In view of this dismal history, people who care about horse racing can scarcely believe what has just happened. Maryland racing has not only been saved, but it is about to enter an era of growth and unprecedented prosperity. Dec. 14, 2012 will be remembered as the day that changed everything.
On that day, representatives of the Maryland Jockey Club and the state’s horsemen signed a 10-year agreement that establishes a new economic structure for the sport. They resolved the crucial issue (and other peripheral ones) that had divided them for the past two years.
When Maryland belatedly legalized slot machines and earmarked a portion of the revenue for horse racing, the Stronach Group, the tracks’ parent company, inexplicably failed to make a bid to get slots at Laurel Park. The slot franchise in Anne Arundel County instead went to the Maryland Live casino. Yet a percentage of money from slots — wherever they are located — goes into racetrack purses, and the revenue from Maryland Live would give horsemen a windfall. But the Maryland Jockey Club was losing millions of dollars a year and had no incentive to operate more than a minimal racing schedule.

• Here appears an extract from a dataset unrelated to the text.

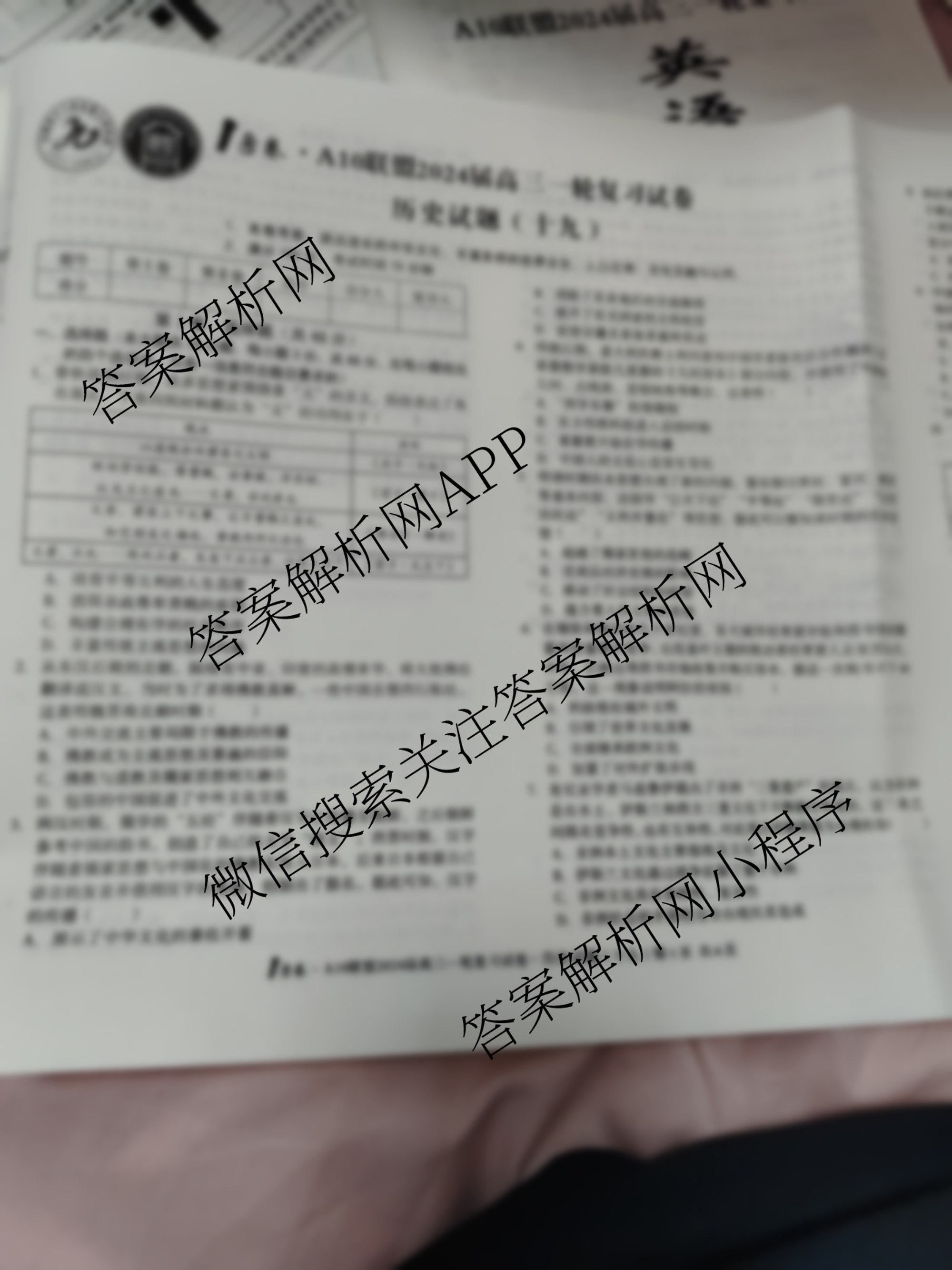 1号卷A10联盟2024届高三一轮复习试卷 历史(十九)19试题

The track and the horsemen negotiated (often acrimoniously) for two years before they agreed on a logical plan. The horsemen ceded some of their slot revenue to management. If horsemen want to race more than 100 days per year, which they almost certainly will, they will pay a fee to the track for each additional day. Thus the Maryland Jockey Club gets the chance to make a reasonable profit. (The two sides also resolved other long-simmering issues; the MJC will close the costly Bowie training center and will build additional stalls at Laurel.)
Tom Chuckas, CEO of the tracks, says the importance of the 10-year deal is that it allows everybody in the industry to plan confidently for the future. Purses at the tracks, already bolstered by revenue from Maryland Live, now average around $245,000 a day. When new casinos in downtown Baltimore and Prince George’s County go into operation, that figure could approach $400,000 a day, putting Laurel and Pimlico in company with the nation’s elite tracks. Chuckas said, “Breeders can look ahead and breed Maryland horses. Owners can buy horses. And the Maryland Jockey Club can make plans for capital improvements. Now it’s easier to make an investment of substance.”
Understandably, trainers, owners, breeders and the tracks’ management are elated by their prospects. Yet the history of slot-machine subsidies in other states provides grounds for some skepticism.